Mas aconselha as autoridades em Macau a seguirem o exemplo de Hong Kong, que “tem lançado iniciativas no sentido de se criar condições para que a criptomoeda seja uma realidade”.

“O exemplo de Hong Kong é bom porque estão a evoluir no sentido das seguradoras virtuais. Em breve – se calhar ainda este mês – vão ser autorizados seis ou sete bancos virtuais em Hong Kong. E estão a evoluir na questão da Bitcoin. Não sei quando é que vão tomar essa medida lá, mas penso que devíamos seguir o exemplo de Hong Kong”, sublinhou.

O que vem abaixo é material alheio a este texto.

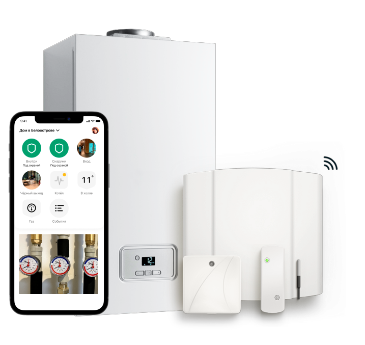 Система Умный котел — это набор оборудования, который помогает вам управлять и контролировать температуру и работу котла отопления в вашем частном доме, пока Вы на работе или в поездке. Система состоит из: Как это работает? Центром управления служить контрольная панель – она отвечает за автоматику и связывает все устройства в единую сеть. Беспроводное реле подключаются к котлу отопления через два сухих контакта, что позволяет дистанционно управлять котлом через мобильное приложение. В мобильном приложении можно настроить несколько «сценариев» включения и выключения котла: - при взятии и снятии с охраны (т. е. когда уходим и приходим домой); - по расписанию (ночь, будние дни); - по датчику температуры (когда дом начинает выстужаться). Датчик температуры устанавливается в любом помещении дома и используется для настройки сценариев автоматики. Он соединяется с контрольной панелью и передает показания температуры в приложение в режиме реального времени. С помощью датчика можно настроить ре

Como argumentos a favor da criptomoeda, aponta a defesa do ambiente e a economia.

“A questão que se coloca é também a questão económica: a emissão das notas tem um custo económico e um custo ambiental. Por exemplo, uma nota de cem patacas custa um determinado montante ao Governo, nomeadamente à Autoridade Monetária que tem de pagar ao Banco da China e ao Banco Nacional Ultramarino pelos custos de emissão, transporte, seguro, etc”, frisou, salientando a tendência de haver um crescimento dos custos.

“Em relação às moedas é outra questão: Quando cheguei a Macau em 1980, o custo de cunhar uma moeda era de dez cêntimos, hoje se calhar é 80 cêntimos, por causa do custo dos metais. Portanto, quer em termos de protecção das árvores, quer tendo em atenção o custo dos metais, temos de caminhar para outras moedas. Penso que [o futuro] vai ser as moedas virtuais”, observou, reiterando, no entanto, não ser ainda o momento “para apostar” nos investimentos em criptomoeada.

Félix Pontes falava à margem da abertura da terceira edição da Global Money Week em Macau. Uma iniciativa organizada pelo Instituto de Formação Financeira e que o presidente da direcção descreve como “uma acção de sensibilização para que os jovens utilizem o dinheiro de forma ponderada e criem hábitos de poupança”.

A nível mundial, a Global Money Week vai na oitava edição e já envolveu 32 milhões de crianças e jovens em 170 países, observou Félix Pontes.